# SW QLD Herping Trip Part 4 - Snakes



## -Matt- (Feb 25, 2010)

These are the snakes we encountered on our trip. Unfortunatly we didn't see a great deal and only one managed to escape without a photo but it was the only live Western Brown Snake that we came across.
Would also be interested in hearing any records of just how far west Coastal Carpet pythons have been found?

Spotted Black Snake _Pseudechis guttatus_
This was the most common elapid we encounted and they varied in colour greatly.








Juvenile.








Black example.








Mulga Snake _Pseudechis australis_








Different mulga.








Myall Snake _Suta suta_




Brown Tree Snake _Boiga irregularis_
Would also be interested to hear just how far west these guys have been found?








And a picture of vast nothingness!




Emu's were very common and the majority of them had chicks tagging along behind their dads.








Budgies were also common especially around water holes where they would mix with cockateils and form huge flocks.








Thanks.


----------



## womapyth (Feb 27, 2010)

Looks like you had a great trip.
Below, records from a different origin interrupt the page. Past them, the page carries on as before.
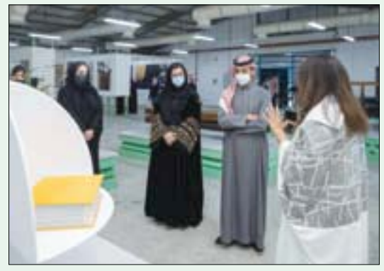
جانب من المهرجان السعودي للتصميم (الشرق الأوسط) الرياض: عمر البديوي

أطلق المهرجان السعودي للتصميم فعالياته، وفتح أبوابه للجمهور والزوار، لاكتشاف مساحة فنية وإبداعية تجمع المهتمين بالتعلم والاستكشاف والإحتفاء بما يخص التصميم، وإعادة تصور المستقبل، والتواصل لخلق مساحة خاصة بالسعودية لتكون جزءاً من الثقافة العالمية والخريطة الإبداعية، وخلق منصة ترضي الحوار، وتزود المواهب المحلية بالفرص، وتعزز المساهمة في التنمية الاجتماعية والوطنية.
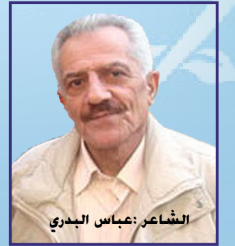
الشاعر: عباس البدري

قدحا خمر غدرا بي في حانات الدنيا: قدح في شيراز، وآخر في كوردستان، فأما القدح الكوردستاني فبين طريق النبع، وأشجار الكرز الدامي ليلة ودعني قمر بغدادي أوجعه العشق. وأما القدح الشيرازي ففي ذكرى الشعراء المغدورين، صحابتنا، حلفاء الشجر الطيب، ان الشعراء المغدورين تطاردهم فرق الاعدام، فكل قصيدة حب غارقة بالدم، ونصب الحرية طشره الدم، وبغداد ترن، محطة بغداد، كما قدح القاه السكير الارعن في الحانة، كيف يرن الدم على المرمر، بغداد ترن، سقاة الحانة تعثر ارجلهم بالجلث المطروحة، هؤلاء تداولهم غدر الخناقين باسم الرأفة، باسم حمامات الزاجل، يشطرها السهم، فضل المدينة يعثر بالجرح... ووفرة قتلى... شعراء، اعمدة الحكمة،
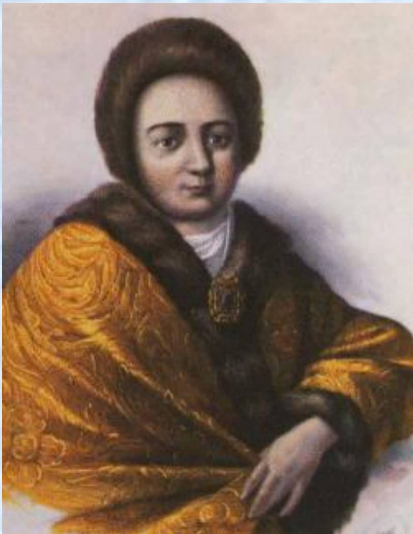
Наталья Кирилловна Нарышкина

Появилась портретная живопись – создавались парсуны
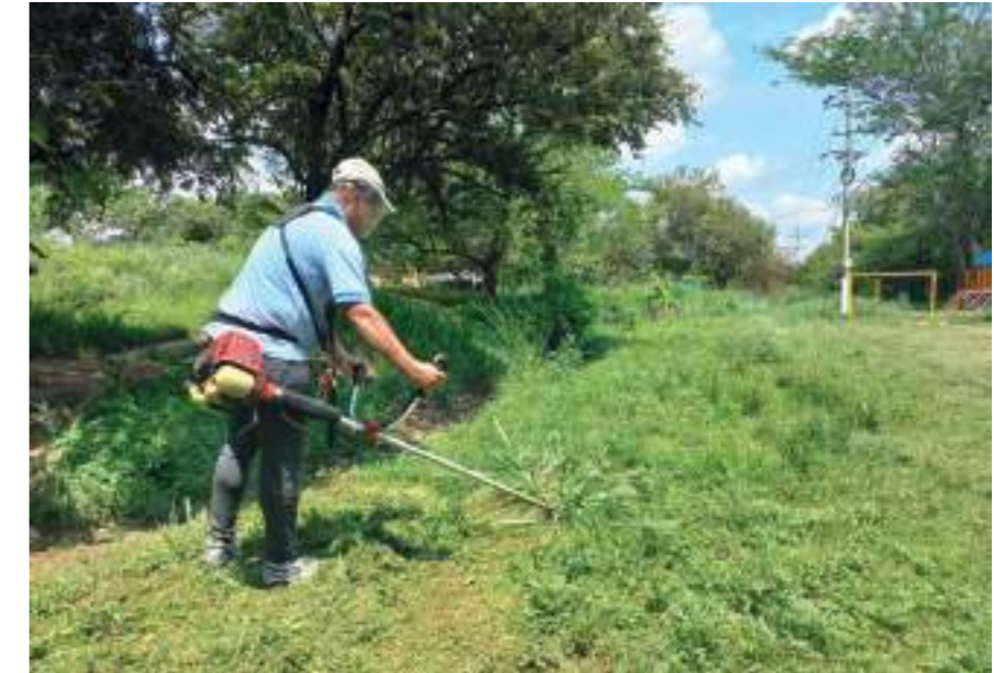
Guadaña en mano, uno de los vecinos recuperando la zona verde.
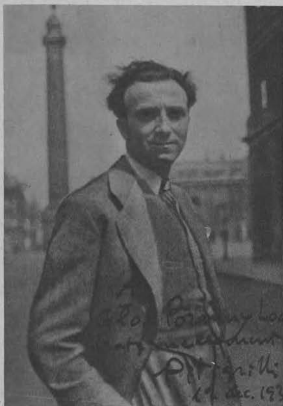
Pitigrilli w Łodzi. Specjalne zdjęcie zaofiarowane Redakcji „Głosu Porannego”.

Thanks for the pictures.

I have read a queensland museum book that gives the record of specimen finds, including distribution. If you could track it down it might answer your coastal how far west question.


----------



## jamgo (Feb 27, 2010)

Nice picts........................I have seen coastals to about bollon 120km west of st george.


----------



## -Matt- (Feb 27, 2010)

jamgo said:


> Nice picts........................I have seen coastals to about bollon 120km west of st george.
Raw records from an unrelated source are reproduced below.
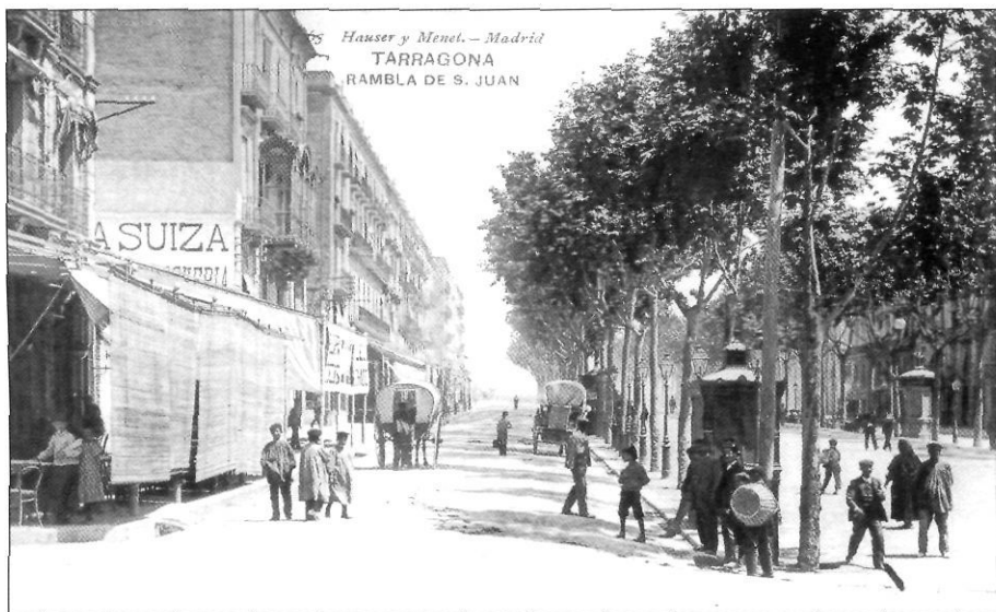
Antiga Rambla de Sant Joan, avui Rambla Nova a inicis del segle XX. Arxiu autors.
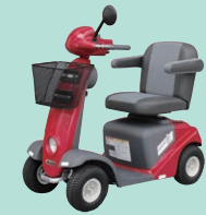
マイピアスマート (P55)
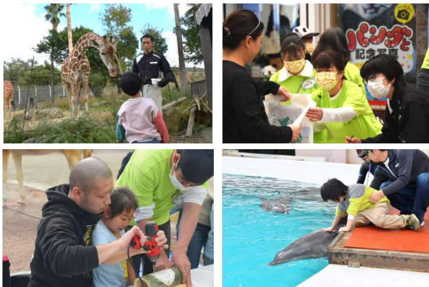
2023年11月23日開催の様子

「ドリムデー・アット・ザ・ズー（主催：和歌山ドリムデー2024実行委員会）」を2024年11月6日（水）アドベンチャーワールド（和歌山県白浜町）で開催いたします。アドベンチャーワールドで、どのような特性や属性の方も気兼ねなく、自由にお楽しみいただけるときをお過ごしいただきたく、以下の通り開催のご案内を申し上げます。
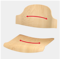
Körpergerecht geformter Sitz und Rücken
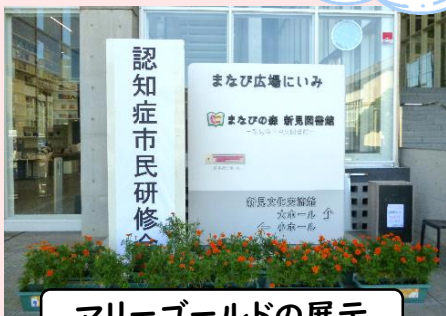
マリーゴールドの展示

Thanks jamgo - we found a road kill coastal about 50km east of Charleville.


----------



## moloch05 (Feb 27, 2010)

Nice pics, Matt. I love seeing big flocks of budgies swirling around waterholes. Were there large flocks of woodswallows about as well? Flock Bronzewings?

That first Spotted Black was so strange.

Regards,
David


----------



## -Matt- (Feb 27, 2010)

Thanks David
Woodswallows were common but only in small flocks. I never once saw a bronzewing but there were large flocks of diamond doves about.

We actually mistook that first spotted black for a mulga when we came across it, photos just don't justify the orange specks on it either.


----------